Bridgetown's Kensington Oval was the fairest, fast but true. Batsmen who were adventurous and skillful and bowlers who had diligence and know-how, got runs and wickets.
Guyana's Bourda Oval was a difficult pitch for bowlers, fast or slow, to operate on, that strip being as flat as a runway, still the best batting track ever produced in the Caribbean. However, that same pitch indirectly produced noted off-spinner Lance Gibbs and fast bowler "Bomber" Croft!
At Bourda in 2003, Shiv Chanderpaul scored the fifth fastest Test century against Australia. Australia won.
Sabina Park in Jamaica, was easily the best pitch for fast bowling. One could see one's reflection any first morning, so slick were those tracts there; like mirrors; but batsmen with ability also got many runs there too.

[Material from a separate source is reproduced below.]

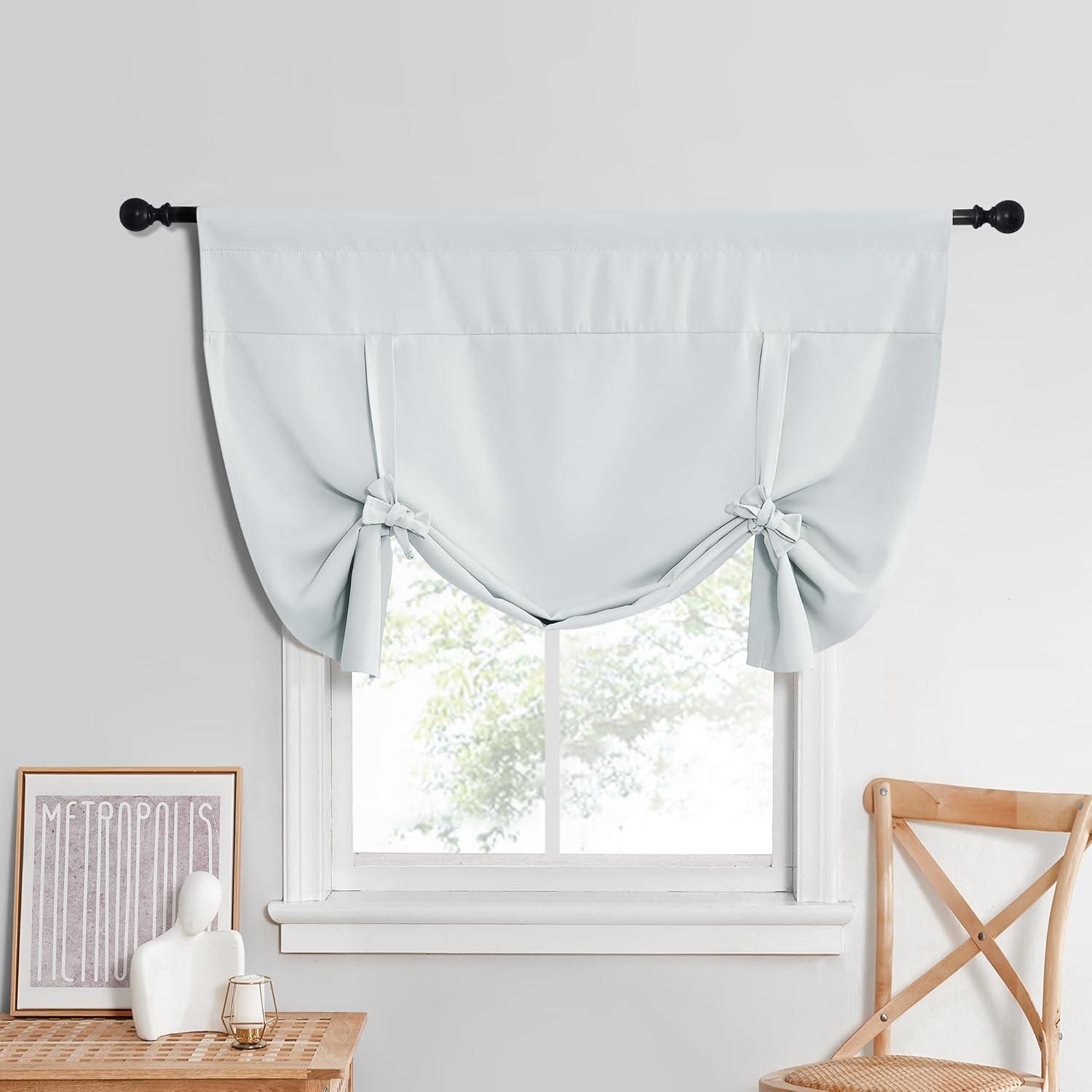 NICETOWN Thermal Insulated Blackout Short Curtain – Bathroom Curtain Gray Tie Up Shade for Small Window, Window Valance Balloon Roman Blind (Rod Pocket Panel, 46 inches W x 63 inches L)(Greyish White)

Antigua's Recreation Ground was as great cricket arena, small, quaint but so much fun. With a reputation of allowing batsmen to get many runs, ala Brian Lara's 375 and 400 not out in Tests there, bowlers got wickets too, if they were good triers. QPO, by 1981, was as unpredictable as rains over the Northern Range, pitches with spectacular, dark histories. Plans were flexible as early as the first morning, even before the toss was spun.
In 1971, Roy Fredericks was bowled by the first ball of Test No 2 of that 5-Test series, delivered by Syed Abid Ali, a delivery that did not bounce at all after pitching–a real, true "ground-eater!" India won by seven wickets, winning that series by that Test, 1-0.
Off-spinner Jack Noreaga had WI's best Test one innings return too, 9-95, but India, with world class spinners Bishen Singh Bedi, Erapali Prasanna and Srnivas Venkataraghavan, still beat WI. In 1974, England beat WI in Test No 5 by just 26 runs, that series drawn 1-1, due to late Tony Greig's unbelievable match figures of 69.1-17-156-13; bowling simple off-cutters and off-breaks.
Contrast those to 1976, when India set 403 runs to win, achieved that incredible total of 406-4, beating WI by six wickets, crowning Sunil Gavaskar, whose exploits started in 1971.
Yours truly even had a good input at QPO, getting 8-29 versus Pakistan in 1977, the tourists still making 180. WI won but not before Pakistan's Salim Altaf had removed (Sir) Vivian Richards and Gordon Greenidge with similar "shooters", as Abid Ali had done to Fredericks in 1971.
Many who witnessed it still consider Holding's first over to England's Geoff Boycott in Barbados in 1981 to be the greatest and fastest initial over for any Test, that Kensington Oval pitch bouncy, fast but steady, the perfect pitch for cricket. Reportedly, people even died from that over!
Yet, sometimes forgotten is that Clive Lloyd, (Sir) Viv and Graeme Gooch each got centuries, the latter's 116 probably the best innings ever played against Holding, Roberts, Garner and Croft.
In 1999 at Kensington Oval, Australia's Steve Waugh made 199, Ricky Ponting 104 and WI's Sherwin Campbell 105, yet Brian Lara's 153 no, to bring WI a one-wicket win, is still considered the best innings ever played in the Caribbean, with Australia's Shane Warne, Glen Mc Grath, Jason Gillespie and Stuart Mc Gill in attendance.
Sabina Park, 1977, (Sir) Andy tore the protective left pad from Pakistan's Zaheer Abbas' leg; out lbw. Yet, despite much speed from that gilded pitch, Asif Iqbal made a tremendous 135 in a losing cause.
Similarly, Antigua's Recreation Ground in its first Test, 1981, had Peter Willey getting a superb 102 not out, Sir Viv 114 and Boycott 104, yours truly getting 6-74, a good mix of useful batsmanship and determined bowling.
WI pitches "back in the day" were different! Hall, Holding, Garner, Gilchrist et al no longer play, but present WI's fast bowlers are not quick enough nor good enough to get 20 wickets, even with help from spinners.
Hence, they need assistance from pitches, not these present-day graveyards! Enjoy!